# It's my birthday.



## Honestly (Feb 3, 2011)

To celebrate the big two-eight, I am kicking my other work to the side and upgrading my service. :thumbup: I have been replacing the circuits in each room as I remodel, and running them to the new panel on the right. I have been using that #2 AL to feed it. Today I am building a 200A OH service and getting rid of the old panel. 

Yes, those are live conductors you see hanging off of each hot line coming from the transformer. There used to be a lightning arrestor tied in there, I deduce. If I really feel like partying, I may rip out the range feed thats free air tape-spliced up under the house, and replace it! Don't want to get too crazy though.

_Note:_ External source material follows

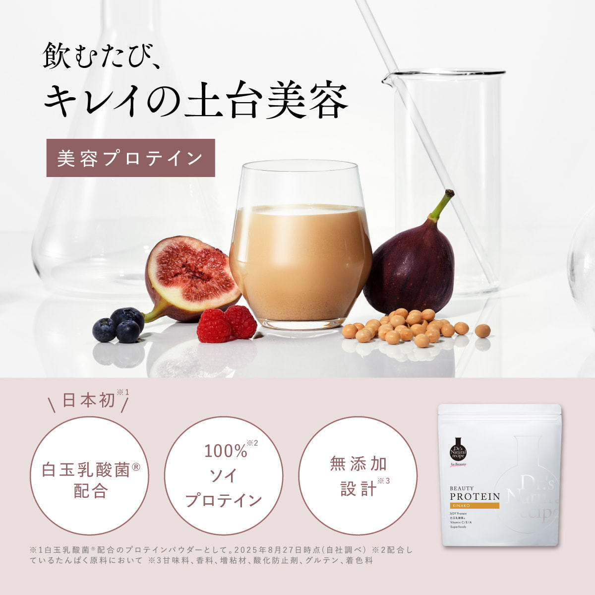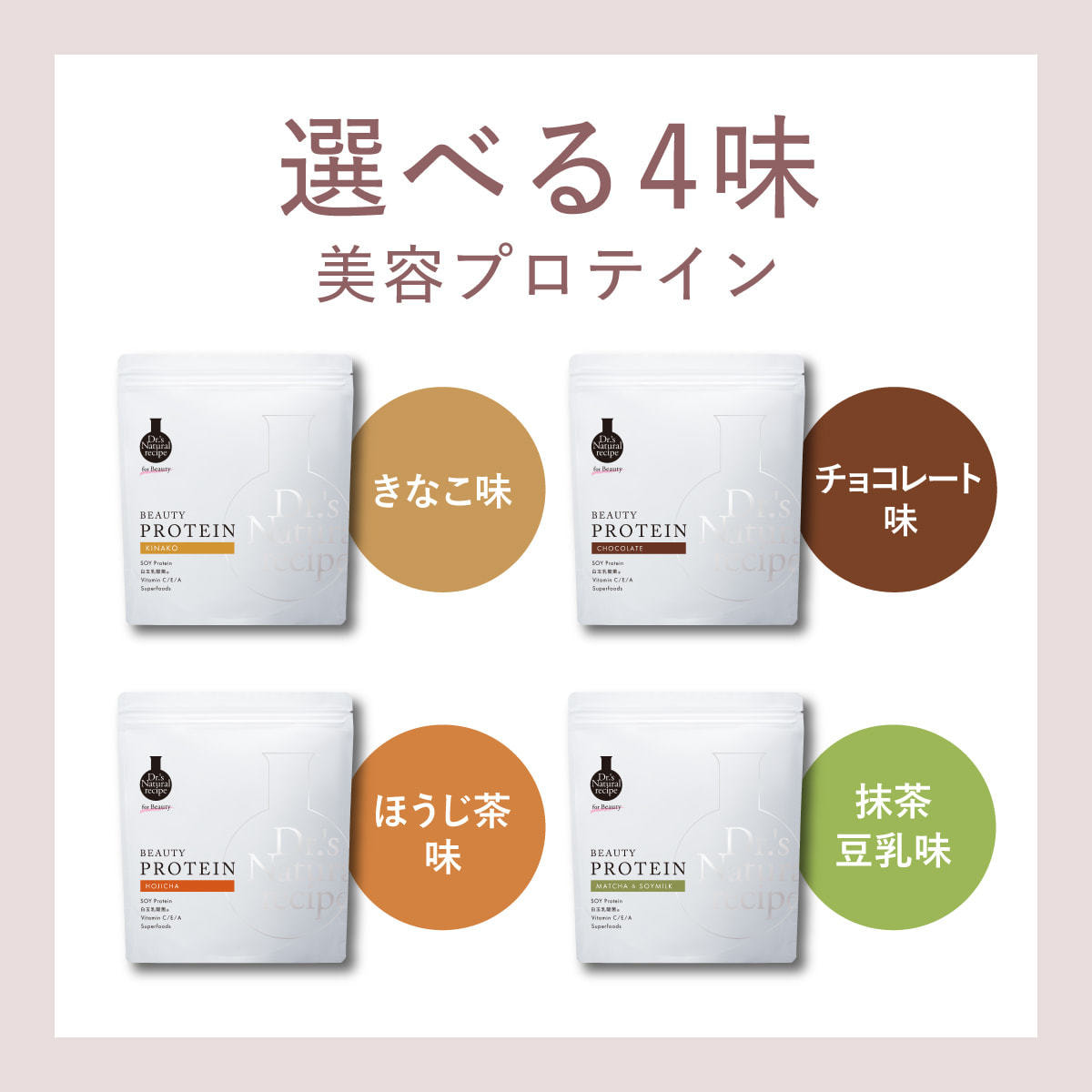 Dr.'s Natural recipeの美容プロテインシリーズは、たんぱく質を補給しながら、腸活*3と美容ケアができる、「美しさの土台をつくる」美容プロテインです。

Sorry for the sideways images, just turn your head. Its easier that me fixing them.


----------



## Shockdoc (Mar 4, 2010)

Nice GE 32/40 panel:thumbsup:


----------



## ampman (Apr 2, 2009)

damn my neck hurts after looking at those


----------



## Honestly (Feb 3, 2011)

I usually use QO, but this one was free.


----------



## electricmanscott (Feb 11, 2010)

I can't think of a worse way to spend a birthday. :laughing:


----------



## Honestly (Feb 3, 2011)

electricmanscott said:


> I can't think of a worse way to spend a birthday. :laughing:


To make it worse, PU just now showed to cut the line, and I got stung by a wasp. :happybday:


----------



## HARRY304E (Sep 15, 2010)

Honestly said:


> To make it worse, PU just now showed to cut the line, and I got stung by a wasp. :happybday:



:laughing::laughing:....:happybday::drink:


----------



## Honestly (Feb 3, 2011)

Half a day of work and half a day of dealing with poco, permitting, and inspection and its done. I tried to use as many different brands of breakers as I could cuz I support diversity in my workplace.


----------